Kennedy: LGBT Equality Champion

By Pat Gozemba

Ted Kennedy, a champion of so many causes for equality for such diverse communities, is gone. But his legacy and example will continue to inspire many of us for years to come.

On November 18, 2003, when the Massachusetts Supreme Judicial Court ruled in favor of marriage equality in the Goodridge v DPH decision, Kennedy was one of the first voices to speak out and laud the decision. In Courting Equality we captured that moment. “Senator Edward Kennedy greeted the Goodridge decision as ‘a welcome milestone on the road to full civil rights for all our citizens.’” He added emphatically, “Gay couples deserve these rights as well” (p. 22)

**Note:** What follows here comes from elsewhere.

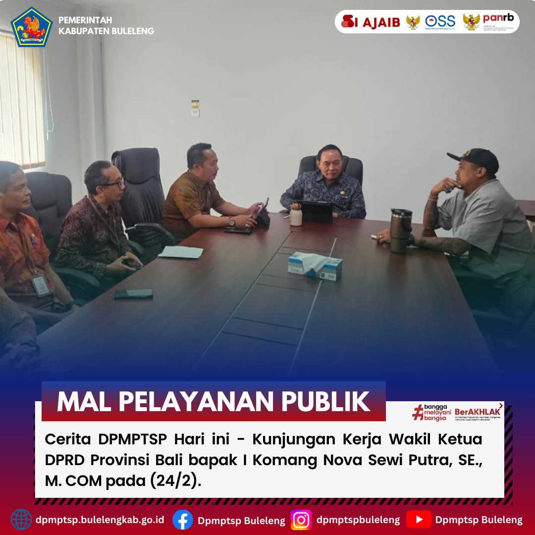 Dalam rangka pelaksanaan fungsi pengawasan DPRD bidang Pemerintahan dan Hukum Pimpinan DPRD Provinsi Bali melaksanakan kunjungan koordinasi terkait implementasi Penegakan Peraturan Daerah Provinsi Bali Nomor 2 Tahun 2023 tentang Rencana Tata Ruang Wilayah (RTRW) Provinsi Bali Tahun 2023-2043 dan Penerbitan Perizinan Bangunan dalam mencegah alih fungsi lahan produktif serta kepemilikan lahan secara Nominee oleh Warga Negara Asing ke Dinas Penanaman Modal dan Pelayanan Terpadu Satu Pintu Kabupaten Buleleng.

While a Catholic, he saw the problems with that faith’s discrimination against LGBT people. Like his brother, John F. Kennedy, and the founders of this country, he understood that religion has no place in government.

As the Goodridge decision captured the imaginations of LGBT people across the country to strive for the equality newly granted in Massachusetts, religion-driven conservatives threw up roadblocks in state after state. Claiming that our equality impinged on their religious values, these cultural conservatives held enormous sway. Despite their acrimonious uproar about marriage equality, Kennedy stuck with his principled position.

In 2005, he said “On the issue of gay rights, I continue to strongly support civil marriage. It is wrong for our civil laws to deny any American the basic right to be part of a family, to have loved ones with whom to build a future and share life’s joys and tears, and to be free from the stain of bigotry and discrimination.” Kennedy brought the values of Massachusetts to the national stage.

He was one of the few who voted in the Senate against DOMA (the Defense of Marriage Act) in 1996. And sometimes in the Senate he pushed values that Massachusetts had not quite caught up with like a transgender-inclusive Employment Non-Discrimination Act (ENDA).

A great champion for LGBT people is gone. The person who will attempt to fill his shoes must be as committed to equality.